Sunnyside Records (SSC 1088)

Select Standards

Armen Donelian | Solo Piano

  1. I Will (Lennon/McCartney)
  2. All of Me (Simons/Marks)
  3. Solitude (Ellington/DeLange/Mills)
  4. I've Grown Accustomed to Her Face (Lerner/Loewe)
  5. Our Day Will Come (Garson/Hilliard)
  6. Wave (Jobim)
  7. Here, There and Everywhere (Lennon/McCartney)

CREDITS

Recorded 1998-9, West Orange, NJ


PRESS

Jazz Improv (2001)

Wave is Volume 1 of a series by Donelian entitled Grand Ideas. The mood here is deliberate and thoughtful, evocative and heartfelt.
A good case in point is "All of Me," transformed from a medium-tempo swing tune into a slow ballad masterpiece, full of surprising twists and turns, nooks and crannies. It is not just reharmonized but re-conceptualized and made new again. For a true jazz artist, the goal of playing standards is to make them sound fresh once more, to recreate the music. Re-creation is ever-present here in ways which are subtle and delightful.

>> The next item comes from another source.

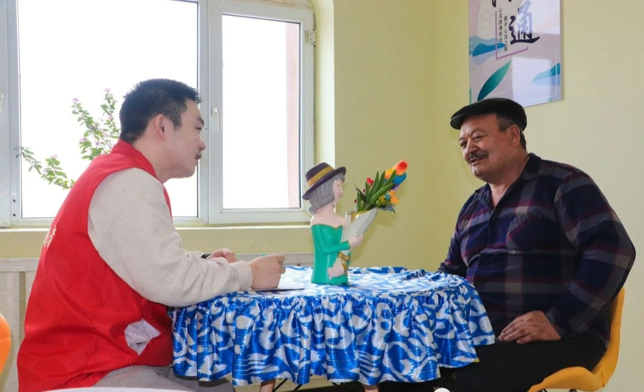 “大叔你入党多少年了?我也入党一年多了,您是我的老前辈,最近家里怎么样都还好吗?以后有什么困难您给我们说,我们帮您解决。”循声望去,大河沿子镇社工服务站志愿者正在给辖区老人艾尼做心理咨询,自从去年社工站成立后这样的场景每天都在上演。

"Solitude" becomes a meditation on Ellington, with Donelian's singing melodies stretching into the outer spheres of tonality. "I've Grown Accustomed To Her Face" becomes a contemplation on timeless beauty. Throughout the entire recording, Donelian's sense of touch and control is astonishing. His melodies emerge from the keyboard as if magically summoned, and his harmonies and multiple reharmonizations are full of profound depth and insight.

Wave is not about the velocity of swing, but about the gift of masterful musical insights and transformations. It is a mature and gracious musical blessing.

Every lover of standards and every jazz musician seeking to breathe new life into them would do well to listen and study here. Wave is a gem.

- Don Glasgo

 

Village Voice (2001)

On the pianist's recent album, Wave (Sunnyside), Armen Donelian has pared down his considerable technique in favor of a dramatic lyricism that, in pieces as old-hat as "All of Me" and as unlikely as "Our Day Will Come" and a couple of Beatles ballads, he sustains with controlled and expressive poetry.

- Gary Giddins

 

Downbeat (2005)

Three records of solo piano music from Armenian-American pianist/composer Armen Donelian present three different pictures in this most vulnerable of settings. Wave offers a look at Donelian the stylist doing covers; Mystic Heights is a run through an all-Donelian program; while Full Moon Music is all spontaneous composition. These three volumes constitute his Grand Ideas solo keyboard cycle.

Wave shows something few artists have been able to do: play the standards across generations as if they were all part of one era. The two Beatles selections, “I Will” and “Here, There And Everywhere,” for example, come off sounding like material any jazz musician would cover, exposed without singing, guitar and drums. Either they are good songs or they aren’t. Donelian has patience with the material, playing most of free of tempo, resisting a walking left-hand, musing with blue notes, tossing off casual asides that fit. “The Song Is You” is about melody as much as it is about the line itself. Donelian’s open style is warm and adventurous in subtle ways as he rearranges the song’s structure.

Mystic Heights moves in other circles, namely the world of Donelian’s pen. Like Wave, there are eight tunes, but this time he is further afield from a jazz impulse. A folk sensibility comes through, with an almost recital-like quality pervading songs like “Ode” and “Exiled Dreams,” the composer leaning on his song structure like an old friend. There is a simplicity to his style that threatens to undermine any distinctive qualities: Technique-laden frills, spills and chills are nowhere to be heard. Instead, we’re treated to measured, deeply felt playing, with a generally gentle yet fluid touch. Some tunes, like the florid “Devotion,” have a lullaby quality despite the flurries.

Full Moon Music is a meshing of influences and moods, more like animated suspension. Given the totally improvised nature of the music, that’s not surprising. The open-ended, unresolved nature of most of the music means more minor chords, split-ends, so to speak. The darker qualities don’t translate into atonality, but the title alone should suggest Donelian has moved away from the tuneful muses of the first two volumes. This most recent one, more classical in nature, is more interesting if less satisfying.